◆ Directions:
In this exercise, print only the lines of the records below from the one with "Landrat Dr. Martin" through the one with "Enjoy a bowl", inclusive. Pictures are not part of the copy.

§

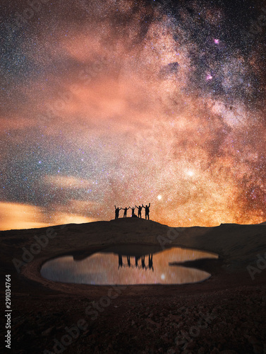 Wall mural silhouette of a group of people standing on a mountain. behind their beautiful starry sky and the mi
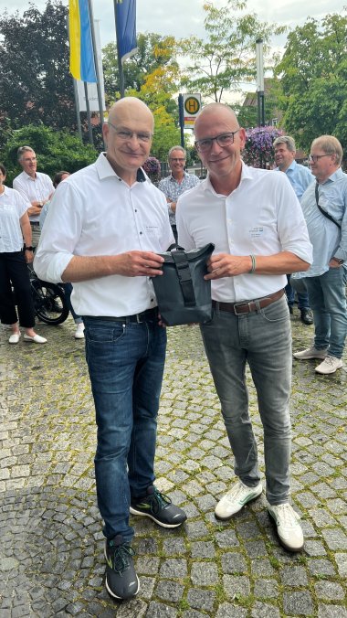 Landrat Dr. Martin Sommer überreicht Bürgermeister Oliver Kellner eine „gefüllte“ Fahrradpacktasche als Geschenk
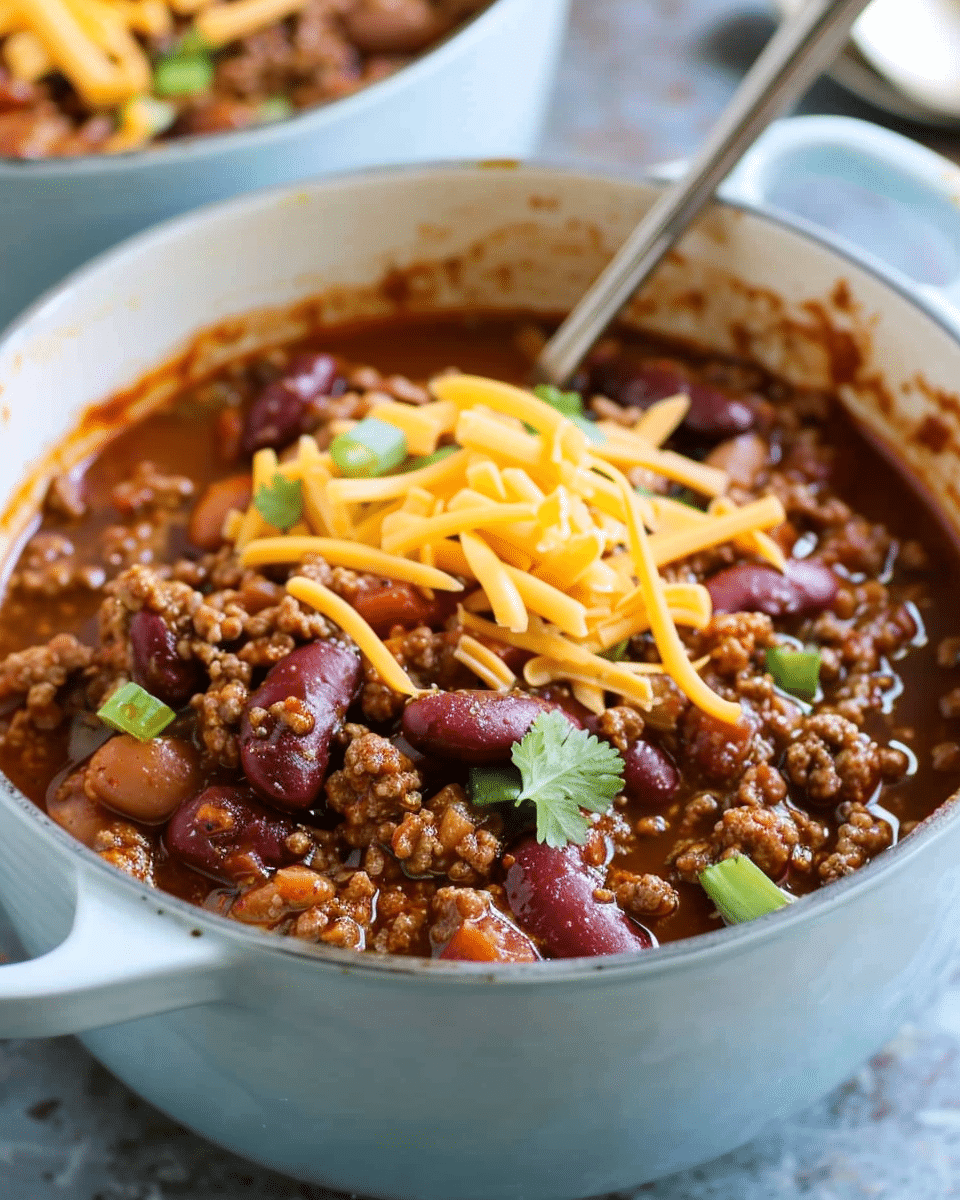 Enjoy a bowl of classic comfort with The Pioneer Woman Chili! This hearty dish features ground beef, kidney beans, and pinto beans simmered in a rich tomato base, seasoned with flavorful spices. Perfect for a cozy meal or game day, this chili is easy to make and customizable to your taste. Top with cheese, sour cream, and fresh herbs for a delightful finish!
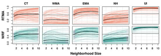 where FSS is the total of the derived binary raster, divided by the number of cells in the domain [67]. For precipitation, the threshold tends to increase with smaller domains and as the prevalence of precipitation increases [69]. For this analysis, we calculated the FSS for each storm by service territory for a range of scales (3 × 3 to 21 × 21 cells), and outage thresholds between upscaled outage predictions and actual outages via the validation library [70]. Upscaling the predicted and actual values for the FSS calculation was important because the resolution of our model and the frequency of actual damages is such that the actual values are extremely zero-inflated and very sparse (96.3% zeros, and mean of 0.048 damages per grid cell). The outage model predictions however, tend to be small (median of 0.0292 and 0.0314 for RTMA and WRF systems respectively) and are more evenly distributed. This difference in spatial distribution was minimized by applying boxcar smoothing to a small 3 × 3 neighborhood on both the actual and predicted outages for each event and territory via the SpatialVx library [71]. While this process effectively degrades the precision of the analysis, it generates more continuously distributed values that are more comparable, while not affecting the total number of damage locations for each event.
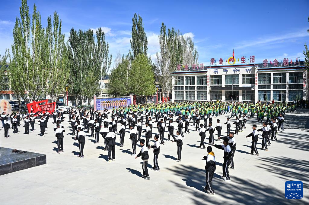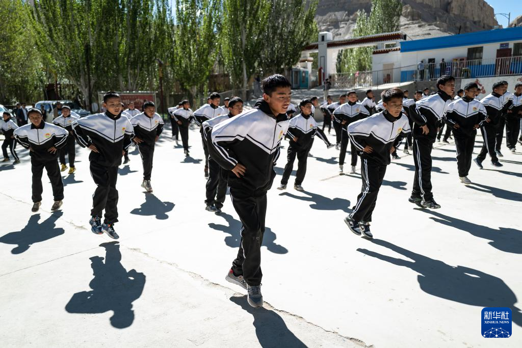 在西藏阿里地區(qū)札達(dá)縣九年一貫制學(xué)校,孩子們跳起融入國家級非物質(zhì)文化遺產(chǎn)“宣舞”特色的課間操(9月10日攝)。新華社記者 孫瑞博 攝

§

◆ The completed task:
 Landrat Dr. Martin Sommer überreicht Bürgermeister Oliver Kellner eine „gefüllte“ Fahrradpacktasche als Geschenk
 Enjoy a bowl of classic comfort with The Pioneer Woman Chili! This hearty dish features ground beef, kidney beans, and pinto beans simmered in a rich tomato base, seasoned with flavorful spices. Perfect for a cozy meal or game day, this chili is easy to make and customizable to your taste. Top with cheese, sour cream, and fresh herbs for a delightful finish!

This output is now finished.